Imricor Medical Systems is a US-based medical device manufacturer specializing in MRI-compatible ablation and diagnostic catheters for interventional cardiac magnetic resonance (iCMR) procedures. Founded in 2006 and headquartered in Burnsville, Minnesota, the company pioneered safe MRI-guided cardiac catheter ablation technology. The company's flagship product, the Vision-MR Ablation Catheter 2.0, operates under real-time MRI guidance to treat cardiac arrhythmias, particularly ventricular tachycardia, with improved safety and efficiency compared to traditional X-ray fluoroscopy methods. Imricor's product portfolio also includes the Vision-MR Diagnostic Catheter, Advantage-MR EP Recorder/Stimulator for electrophysiology recording and cardiac stimulation, and the NorthStar Mapping System for cardiac substrate visualization and ablation guidance within the MRI environment. The company holds CE Mark approval in Europe and has recently obtained FDA clearance in the United States. Imricor serves approximately 15 European sites and has established partnerships including a sales agreement with Philips for broader market distribution.

Kardium Inc. designs and manufactures the Globe® Pulsed Field System, an advanced cardiac ablation platform for the treatment of atrial fibrillation. The Globe System is an all-in-one catheter-based solution that integrates high-density electrophysiological mapping with pulsed field ablation therapy, enabling patient-specific treatment delivery. The system features 122 individually selectable electrodes that allow precise electrode customization for each patient's cardiac anatomy and arrhythmia substrate. The platform consolidates mapping and ablation capabilities into a single catheter, streamlining interventional electrophysiology workflows and reducing procedure complexity. Kardium targets hospital electrophysiology laboratories and cardiac catheterization centers managing patients with atrial fibrillation and related arrhythmias. The company positions the Globe System as a differentiated approach to catheter-based cardiac ablation, emphasizing precision therapy delivery, high-density mapping resolution, and workflow efficiency. The technology is designed for use by interventional cardiologists and electrophysiologists in hospital-based and outpatient EP labs.

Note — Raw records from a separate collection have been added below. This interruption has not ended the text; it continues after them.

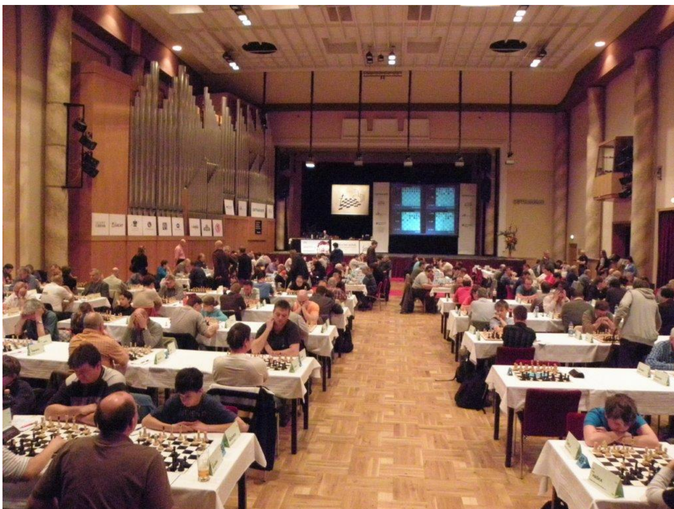
279 hrací sál v Ostravě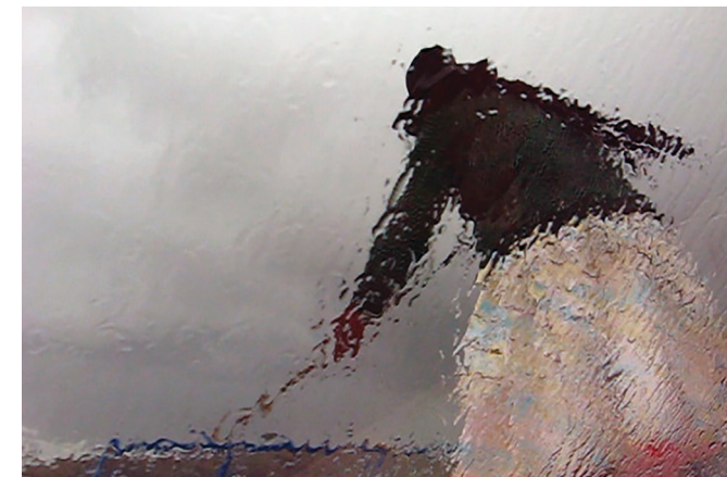
Gabriel Martinho, Desancorar da ilha (Undocking from the island), 2015, Video (still)

as their main medium for active exchange, 2) a live radio broadcast for two days to share this content, and 3) a site-specific sound exhibition that will feature new site-specific works. Transmissão Fordlândia will include performances, stories, and audio experiments, all taking place in the abandoned Ford Factories. Each project considers how the river, roads, the legacy of rubber, and the history of radio influence today's Fordlândia. It will record a moment in time as the echoes of memories persist, consciously and unconsciously, in the lives of the inhabitants, and in their encounter with the infrastructures that enable or disable social connection across the region. It will review how agricultural accelerations, economics, and communication technologies also mean the loss of forest and the Amazon home, and will provide a frontier of resistance to capitalist production and destruction.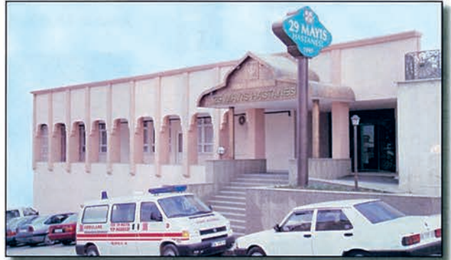
29 Mayıs Hastanesi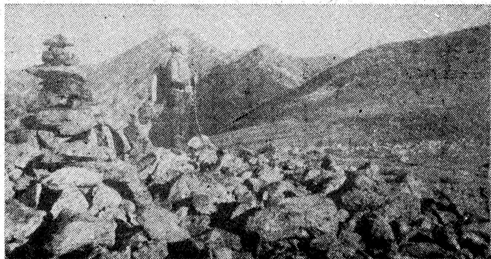
Toamnă în Retezat.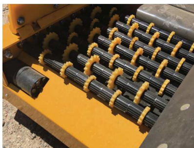
Sistema de limpieza de basura De-Stiker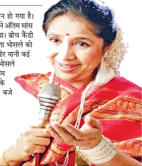
जन्म : 8 सितंबर 1933, निधन : 12 अप्रैल 2026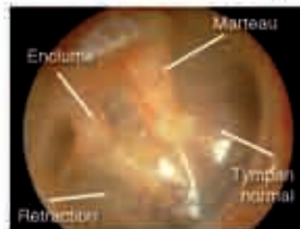
Rétraction du tympan contrôlable avec accolement à l'enclume

Ailleurs et en particulier en cas de surdité de transmission marquée, d'apparition d'infections et surtout disparition otoscopique du fond de la poche, il faut pratiquer une tympanoplastie plus complète par voie postérieure pour parfaitement contrôler l'éradication de la peau de l'oreille moyenne avec souvent ossiculoplastie associée. Dans tous les cas la surveillance est très longtemps prolongée, cliniquement à l'affût d'une éventuelle récurrence de la rétraction et aussi par imagerie d'un éventuel cholestéatome dans la profondeur.

Midwest Interventional Systems (MIS) is a vertically integrated, FDA-registered medical device contract manufacturer and design partner specializing in catheter systems and minimally invasive device components. The company designs and manufactures custom medical balloons (non-compliant, semi-compliant, and compliant variants) and medical extrusions (single-lumen to complex multilumen tubing) for interventional and endovascular applications. MIS serves 100+ minimally invasive device companies spanning neurovascular, atrial fibrillation, endoscopy, and other specialties. The company operates three core business units: Components (off-the-shelf and custom balloons and extrusions via online design tools), Design Services (concept-to-commercialization catheter engineering with a dedicated Co-Lab for rapid prototyping), and Manufacturing (pilot through full-scale contract manufacturing with in-house capabilities). Key offerings include IQueue (proprietary online extrusion designer for rapid custom ordering), Balloon Designer, Catheter Designer, and an online component store with 24-hour shipping and $50 minimum orders. MIS maintains ISO 14385:2016 certification and FDA registration. The company employs catheter engineers with 10+ decades of combined expertise and follows a proven 5-phase development methodology. Notable clients and testimonials reference work with neurovascular innovators, endoscope manufacturers, atrial fibrillation device companies, Mayo Clinic physician innovators, and leading MedTech firms.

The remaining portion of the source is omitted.